> **Information provided**:
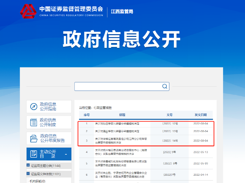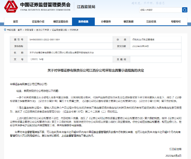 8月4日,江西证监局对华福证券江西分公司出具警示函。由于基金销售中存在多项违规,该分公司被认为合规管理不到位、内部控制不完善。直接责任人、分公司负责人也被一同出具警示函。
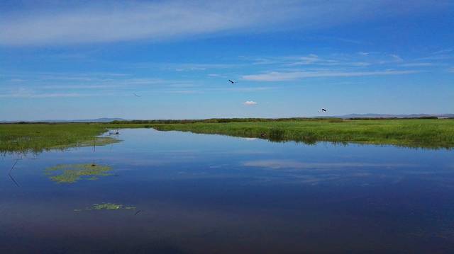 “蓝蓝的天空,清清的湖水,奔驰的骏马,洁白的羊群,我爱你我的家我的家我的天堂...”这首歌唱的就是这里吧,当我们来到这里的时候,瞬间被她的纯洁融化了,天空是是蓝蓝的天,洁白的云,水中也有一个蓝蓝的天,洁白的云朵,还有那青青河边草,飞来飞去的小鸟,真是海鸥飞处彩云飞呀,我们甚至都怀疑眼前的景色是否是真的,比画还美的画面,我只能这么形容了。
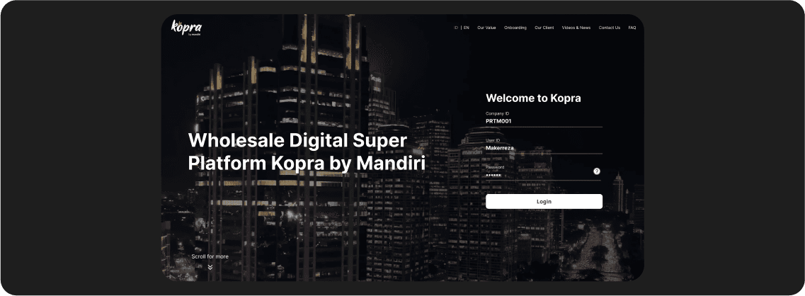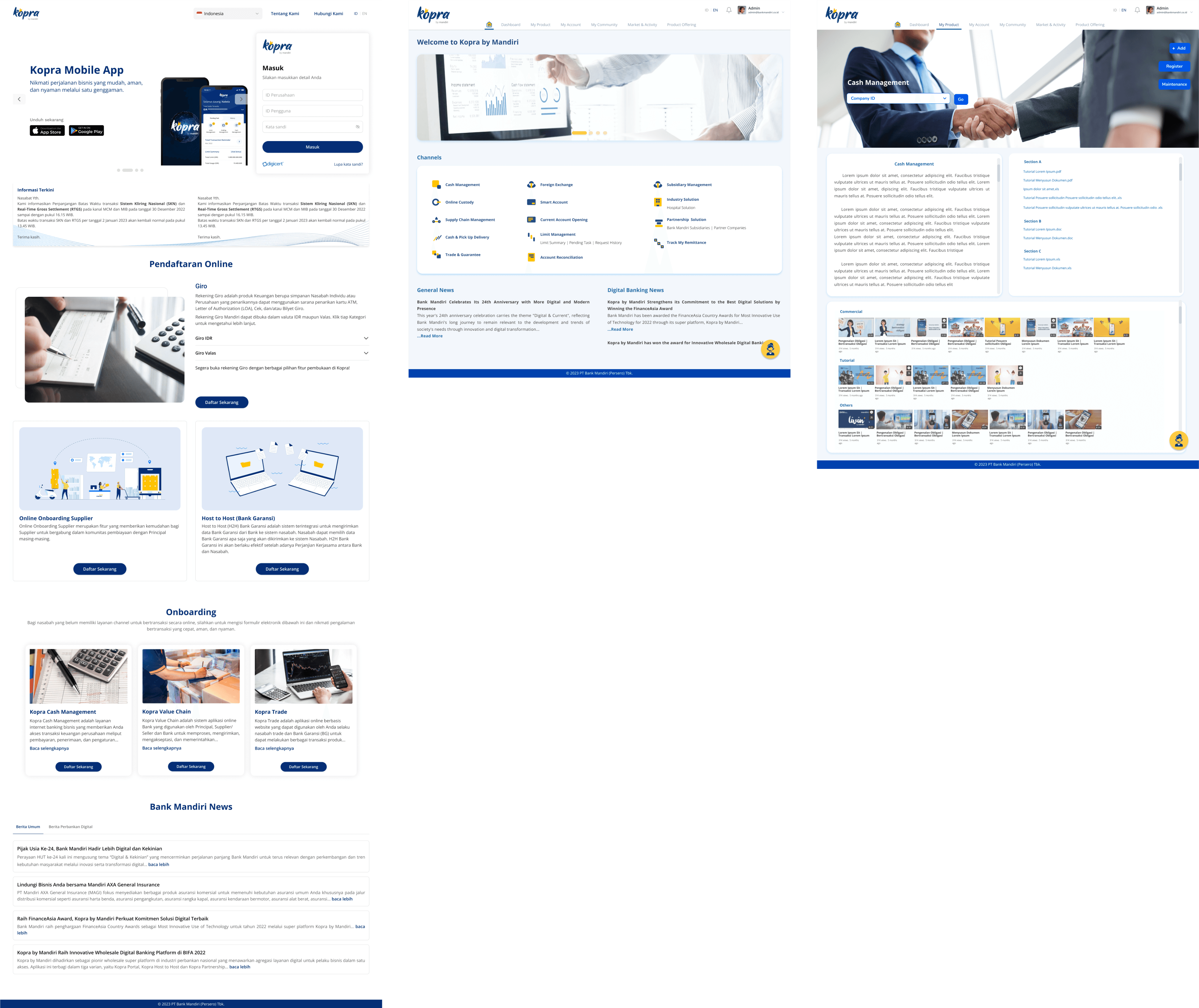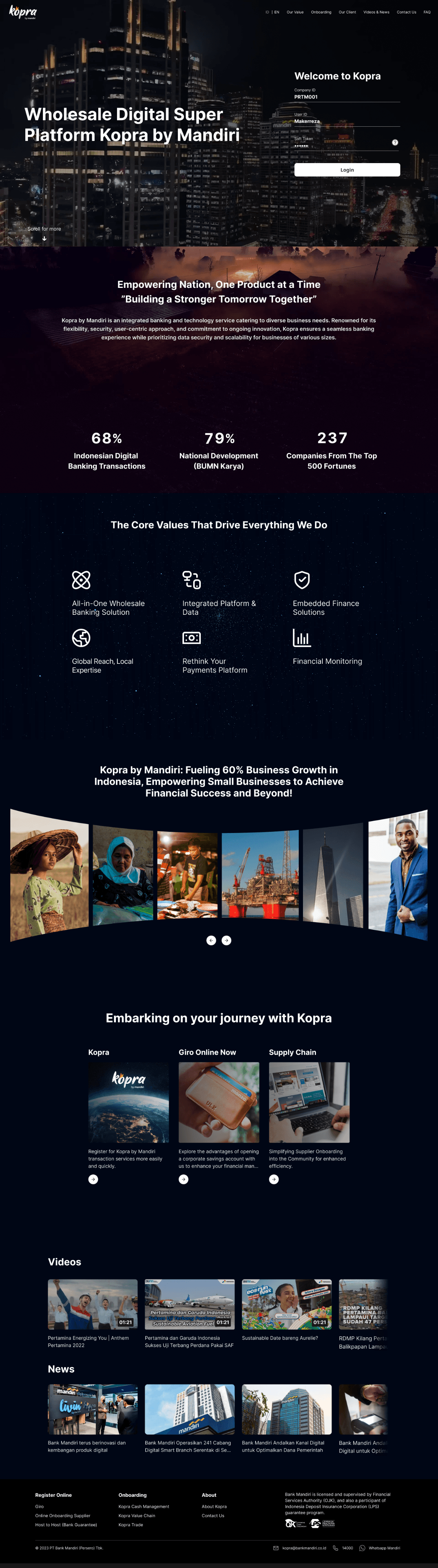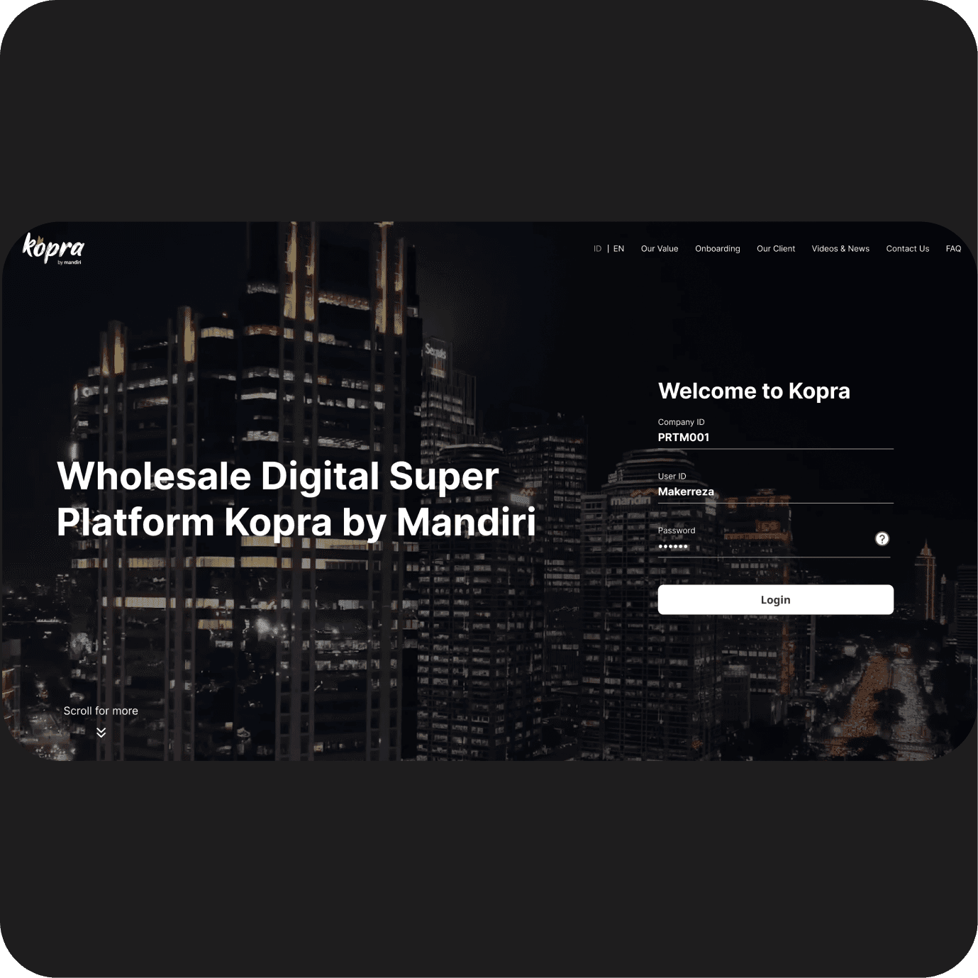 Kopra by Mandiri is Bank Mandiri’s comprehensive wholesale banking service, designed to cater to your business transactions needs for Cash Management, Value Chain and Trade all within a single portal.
...
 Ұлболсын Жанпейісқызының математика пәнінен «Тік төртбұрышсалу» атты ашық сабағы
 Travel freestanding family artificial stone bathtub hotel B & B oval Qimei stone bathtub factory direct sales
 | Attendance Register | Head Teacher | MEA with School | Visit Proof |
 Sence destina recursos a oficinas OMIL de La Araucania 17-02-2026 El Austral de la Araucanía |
...
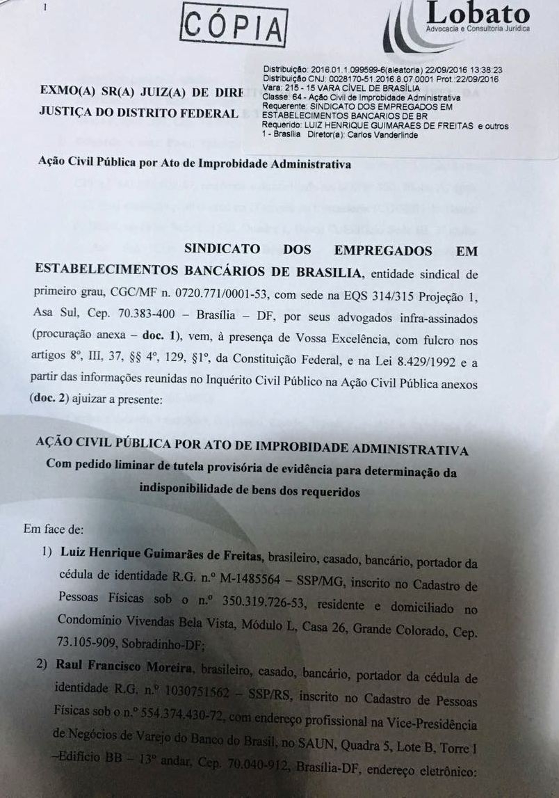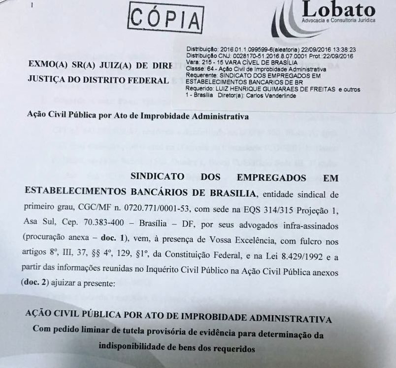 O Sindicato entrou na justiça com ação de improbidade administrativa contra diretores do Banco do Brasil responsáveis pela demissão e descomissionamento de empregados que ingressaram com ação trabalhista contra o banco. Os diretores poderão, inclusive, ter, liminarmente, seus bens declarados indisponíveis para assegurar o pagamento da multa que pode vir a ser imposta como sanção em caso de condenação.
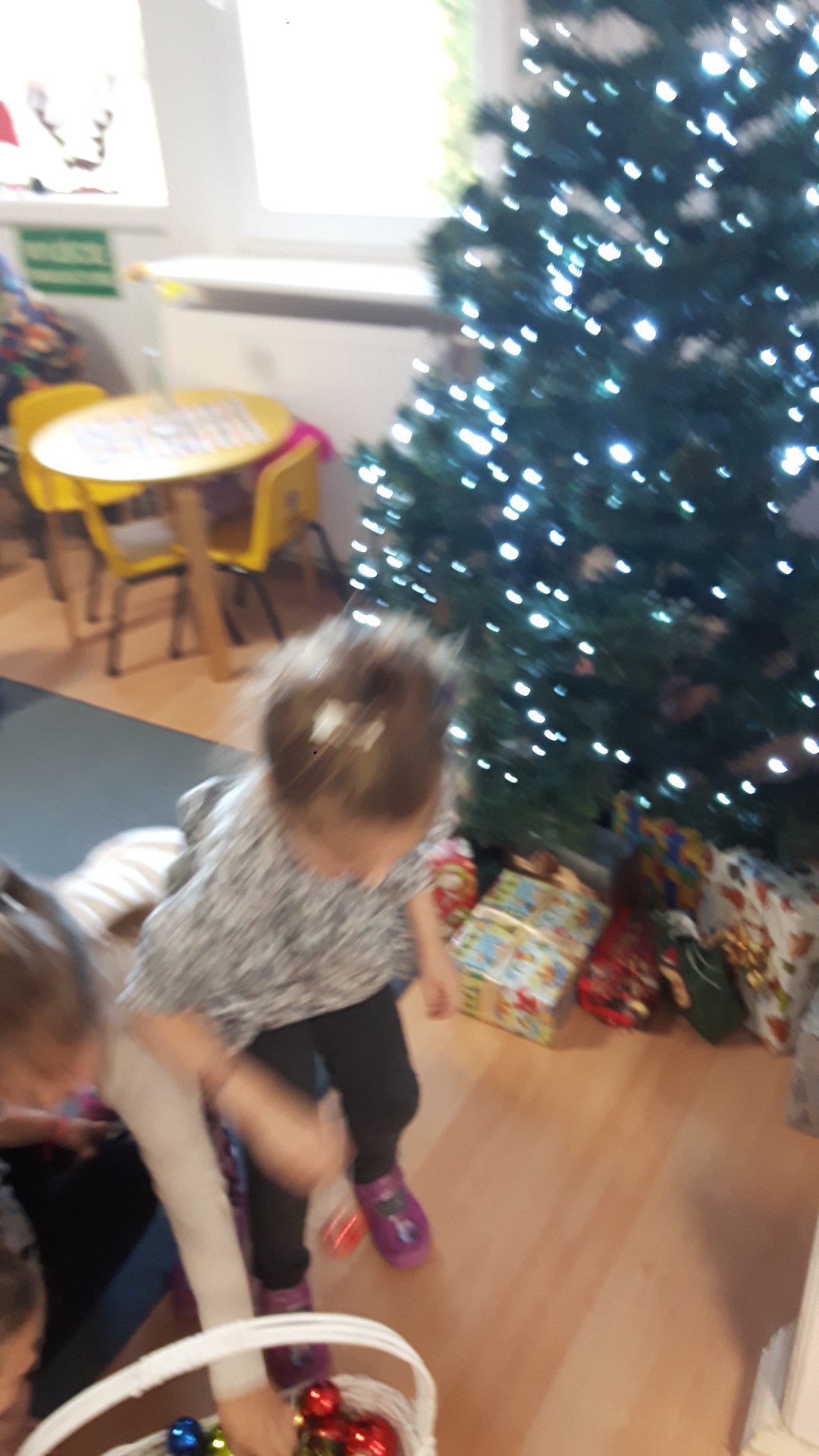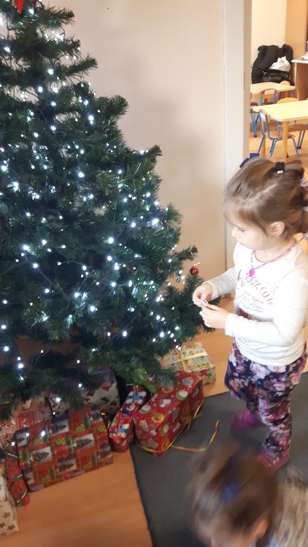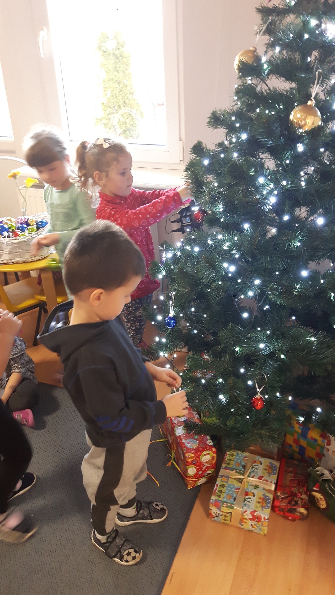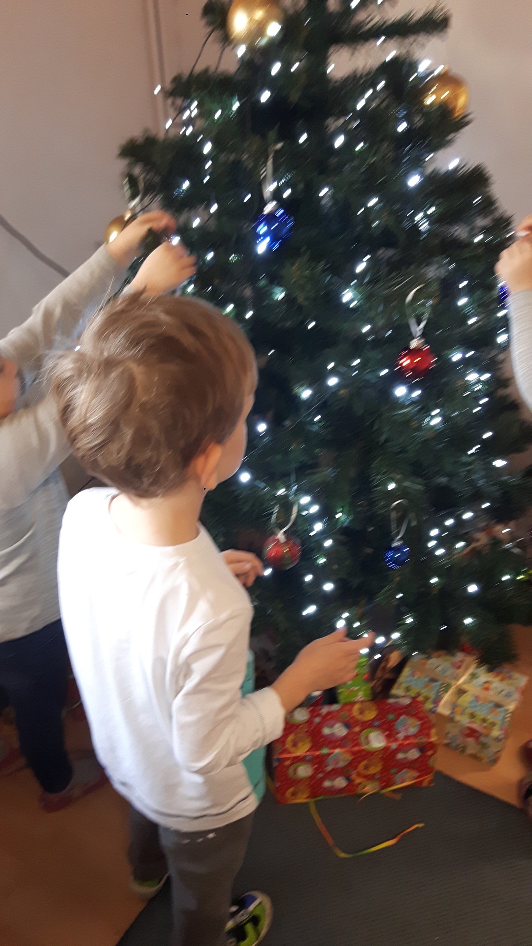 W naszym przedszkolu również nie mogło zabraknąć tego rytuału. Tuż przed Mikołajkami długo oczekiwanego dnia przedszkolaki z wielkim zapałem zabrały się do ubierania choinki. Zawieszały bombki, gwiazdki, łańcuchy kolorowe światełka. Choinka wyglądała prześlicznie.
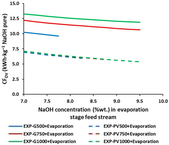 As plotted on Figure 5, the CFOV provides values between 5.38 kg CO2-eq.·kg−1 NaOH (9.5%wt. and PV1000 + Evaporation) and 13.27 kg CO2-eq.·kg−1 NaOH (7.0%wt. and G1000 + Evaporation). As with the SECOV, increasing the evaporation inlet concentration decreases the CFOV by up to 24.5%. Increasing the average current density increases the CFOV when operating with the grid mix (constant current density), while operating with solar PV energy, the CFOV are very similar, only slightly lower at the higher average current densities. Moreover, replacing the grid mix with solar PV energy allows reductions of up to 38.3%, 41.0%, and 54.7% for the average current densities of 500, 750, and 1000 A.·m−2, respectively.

> **Activity**:
Reproduce the data above exactly, but only the lines from the one showing "O Sindicato entrou" through the one showing "W naszym przedszkolu", with both ends kept and the pictures left out.

> **Written response**:
 O Sindicato entrou na justiça com ação de improbidade administrativa contra diretores do Banco do Brasil responsáveis pela demissão e descomissionamento de empregados que ingressaram com ação trabalhista contra o banco. Os diretores poderão, inclusive, ter, liminarmente, seus bens declarados indisponíveis para assegurar o pagamento da multa que pode vir a ser imposta como sanção em caso de condenação.
 W naszym przedszkolu również nie mogło zabraknąć tego rytuału. Tuż przed Mikołajkami długo oczekiwanego dnia przedszkolaki z wielkim zapałem zabrały się do ubierania choinki. Zawieszały bombki, gwiazdki, łańcuchy kolorowe światełka. Choinka wyglądała prześlicznie.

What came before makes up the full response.